Full-service food and beverage outlets have long been central to the company's strategy, with many Graduate properties housing "destination" restaurant and bar venues as well as outposts of the brand's signature coffee shop, Poindexter. A robust delivery program, however, has long been on its wish list.

"Honestly, as far back as a year and a half ago, we were thinking that delivery could be even be bigger than our standalone destination-dining options," said Graduate Hotels president David Roche-fort. "I've always said, there's nothing more quintessential to the college experience than food delivery. And we're still real estate developers at our core. So, we're always looking at whether we're producing the most revenue per square foot."

Enter Graduate Food Hall, a C3-Graduate alliance billed as a new "delivery-focused, hybrid digital kitchen concept," under which C3 will take over on-premises food service across Graduate's portfolio (Graduate will continue to operate its own bars). 

As part of the Graduate Food Hall rollout, Graduate's hotel kitchens will be converted into multibrand digital kitchens, with each kitchen able to host up to six brands at one time. Graduate and C3 expect to have their first Graduate Food Halls up and running at the Graduate Richmond in Virginia, Graduate Berkeley in California and Graduate Tempe in Arizona within the next few months, with the concept set to expand to the majority of the Graduate Hotels portfolio by the end of this year. 

Each Graduate Food Hall will offer delivery and takeout as well as dine-in options.

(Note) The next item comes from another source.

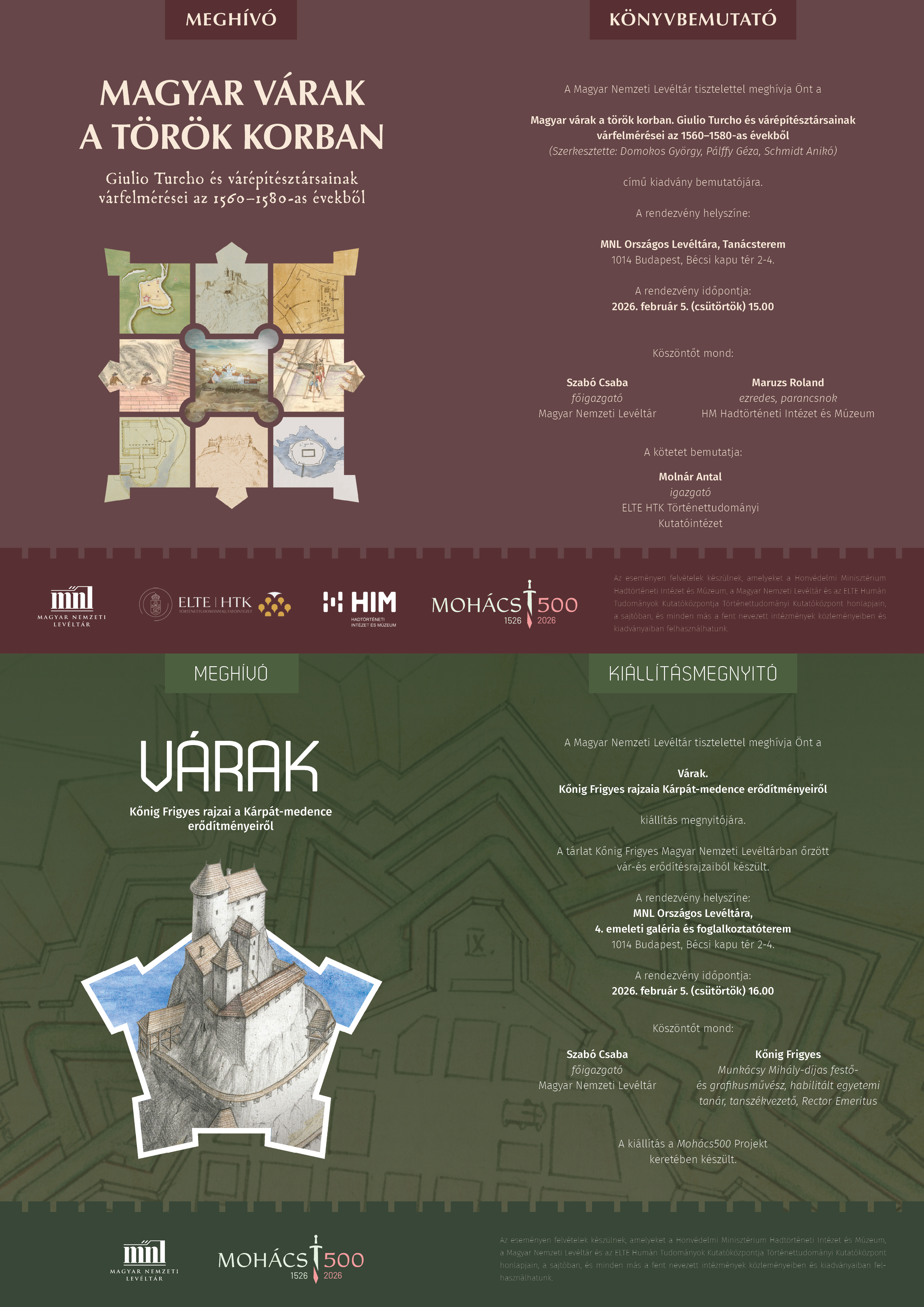 A kötetbemutató után nyílik meg a „Várak. Kőnig Frigyes rajzai a Kárpát-medence erődítményeiről” című kiállítás. A tárlat Kőnig Frigyes Munkácsy Mihály-díjas magyar festő- és grafikusművész, a Képzőművészeti Egyetem nyugalmazott rektorának Magyar Nemzeti Levéltárban őrzött és részben magántulajdonban levő vár- és erődítésrajzaiból készült, és a Bécsi kapu téri épület IV. emeletén, a galéria- és foglalkoztatóteremben lehet majd megtekinteni. A rendezvényen köszöntőt mond Szabó Csaba, a kiállítást pedig Kőnig Frigyes mutatja be. A kiállítás a Mohács 500 programban készült. A kamarakiállítás egyúttal bevezeti a Magyar Nemzeti Levéltár a mohácsi csata 500 évfordulójának tudományos-ismeretterjesztő programsorozatát.

"You'll still be able to have that tableside experience, but on your menu, you're going to actually see all of these different concepts and outlets," said 

Rochefort. "And then, obviously, we'll have the virtual component, through which each brand will have its own standalone, local presence."

Graduate Food Hall deliveries will be serviced by third-party vendors. According to Rochefort, having C3 spearhead relationships with third-party delivery apps, many of which have a reputation for charging restaurants high fees, has proven hugely beneficial. 

"C3 negotiates these national contracts with a third party on a scale that is so much larger than ours," said Rochefort. "We were once close to signing our own deal with a third-party app, but the deal that C3 was able to negotiate was probably 35% better than the deal we were going to be able to get."

Meanwhile, C3 is currently in the process of developing its own delivery app, which SBE's Nazarian said will help "streamline" the process, allowing all orders from any C3 brands to be placed on a single ticket and picked up from one location.

Still, despite delivery's significant upside, Nazarian is convinced that C3's dine-in and brick and mortar components are integral to the company's long-term success.

"I don't believe many of these new virtual-only concepts will survive in a 'post-pandemic' world, when delivery stabilizes and restaurateurs shift their focus back to creating memorable in-person experiences," said Nazarian. "Ultimately, personal experience and a connection to a brand is necessary for its survival and longevity."